The second maximum appears for the angle θ ₂ :

θ ₂ = arcsin (2 * λ / d) ≈ 13.9 ^o .

• Monochromatic light is incident on a diffraction grating with a period of 2 μm. Its wavelength is 550 nm. It is necessary to find how many diffraction orders appear on the resulting picture on the screen.

This type of problem is solved as follows: first, the dependence of the angle θ _m on the diffraction order for the conditions of the problem should be determined. After this, it will be necessary to take into account that the sine function cannot take values ​​greater than one. The latter fact will provide an answer to this problem. We perform the described actions:

sin (θ _m ) = m * λ / d = 0.275 * m.

This equality shows that for m = 4 the expression on the right-hand side will become 1.1, and for m = 3 it will be 0.825. This means that using a diffraction grating with a period of 2 μm at a wavelength of 550 nm, a maximum of the 3rd diffraction order can be obtained.

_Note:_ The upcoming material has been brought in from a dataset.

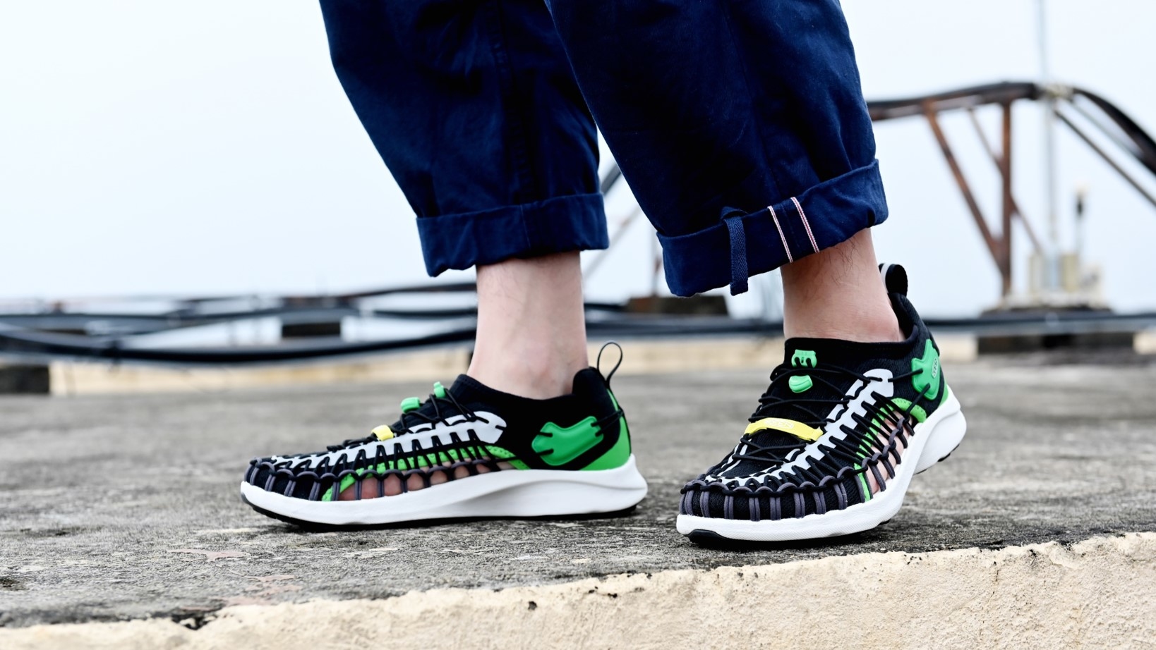 以黑色撞螢光綠與黃 ,鞋面加入銀色反光元素,呈現出豐富的漸層感 ,強烈的視覺衝擊絕對是夏日首選配色。

The task of calculating the resolution of the grating

Suppose that for the experiment they are going to use a diffraction grating with a period of 10 μm. It is necessary to calculate at what minimum length the waves near λ = 580 nm can differ, so that they appear as separate maxima on the screen.

The answer to this problem is related to determining the resolving power of the lattice under consideration for a given wavelength. So, the two waves can differ by Δλ> λ / (m * N). Since the lattice constant is inversely proportional to the period d, this expression can be written as follows:

Δλ> λ * d / m.

Now for the wavelength λ = 580 nm, we write the lattice equation:

sin (θ _m ) = m * λ / d = 0.058 * m.

Whence we get that the maximum order m will be 17. Substituting this number in the formula for Δλ, we have:

Δλ> 580 * 10 ^-9 * 10 * 10 ^-6 / 17 = 3.4 * 10 ^-13 or 0.00034 nm.

We obtained a very high resolution when the period of the diffraction grating is 10 μm. In practice, as a rule, it is not achieved due to the low intensities of the maxima of high diffraction orders.